The execution logic of _RDD.takeOrdered()_ is to compute TOPK in each RDD partition in the executor process(by QuickSelect), and then return each TOPK result to the driver process for merging(by PriorityQueue).

To get the same result, it is obvious that the second method based on PriorityQueue has better performance.
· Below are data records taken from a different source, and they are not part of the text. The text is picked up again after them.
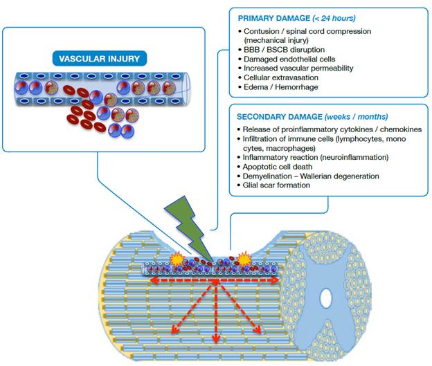 In primary damage, it is possible to observe a vascular rupture in the focus of the injury (epicenter) with extravasation of erythrocytes, neutrophils and lymphocytes; disruption of the blood-brain barrier (BBB) and blood-spinal cord barrier (BSCB) is also observed. In secondary damage, there is infiltration of inflammatory cells and the immune system with release of cytokines, chemokines and adhesion molecules that cause the injury to spread in a centrifugal way, increasing its radius. Apoptotic and aponecrotic cell death occurs with involvement of myelin (demyelination), cellular debris, activation of the phagocytic activity of macrophages and barrier formation, known as glial scar, which creates a hostile environment that prevents or delays axonal repair.
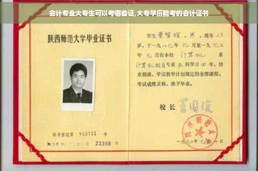 大专在读生会计专业可以考的证书有:会计从业资格证书;会计职称证书;注册会计师证书。会计从业资格考试也就是所说的“会计证”,根据国家的规定,在我国所有要从事会计行业的人,必须持有该证书。
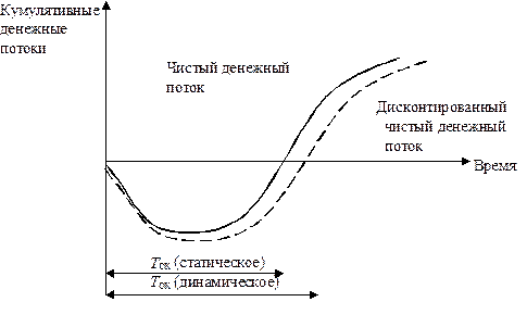 Очевидно, что если период окупаемости проекта превышает инвестиционный период, то проект не окупается и является экономически не выгодным. Следует заметить, что период окупаемости в динамической постановке типового инвестиционного проекта, в котором на начальных стадиях (предынвестиционной и инвестиционной) совершаются вложения капитала, а в дальнейшем, на эксплуатационной стадии, образуется прибыль от вложения капитала, превышает значение этого показателя в статической постановке.
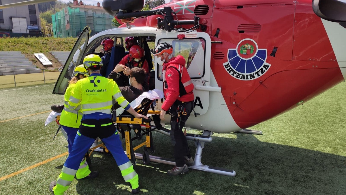 Tras la estabilización del accidentado, el helicóptero lo ha trasladado hasta el campo de fútbol de Zumarraga, donde le esperaba una ambulancia que lo ha evacuado al hospital de esa localidad.

I think that the implementation of _RDD.takeOrdered()_ can be improved, using a configurable option to decide whether the TOPK data merge process occurs in the driver process or the executor process. If it occurs in the driver process, it can reduce the time for waiting for computation. If it occurs in the executor process, it can reduce the memory pressure of the driver process.

something like:
 (org.apache.spark.rdd.RDD class)
{code:scala}
  def takeOrdered(num: Int)(implicit ord: Ordering[T]): Array[T] = withScope {
    if (num == 0 || partitions.length == 0) {
      Array.empty
    } else {
      if (conf.getBoolean("spark.rdd.takeOrdered.mergeInDriver", true)) {
        val mapRDDs = mapPartitions { items =>
          // Priority keeps the largest elements, so let's reverse the ordering.
          val queue = new BoundedPriorityQueue[T](num)(ord.reverse)
          queue ++= collectionUtils.takeOrdered(items, num)(ord)
          Iterator.single(queue)
        }
        mapRDDs.reduce { (queue1, queue2) =>
          queue1 ++= queue2
          queue1
        }.toArray.sorted(ord)
      } else {
        mapPartitions { items =>
          collectionUtils.takeOrdered(items, num)(ord)
        }.repartition(1).mapPartitions { items =>
          collectionUtils.takeOrdered(items, num)(ord)
        }.collect()
      }
    }
  }
{code}


was (Author: chen zhang):
In fact, the RDD API corresponding to _DF.sort().take()_ is _RDD.takeOrdered()_

The execution logic of _RDD.sortBy().take()_ is the reservoir sampling + global bucket Sorting, and the required number of data is returned after the global sorting result is obtained.All major computation are performed in the executor process.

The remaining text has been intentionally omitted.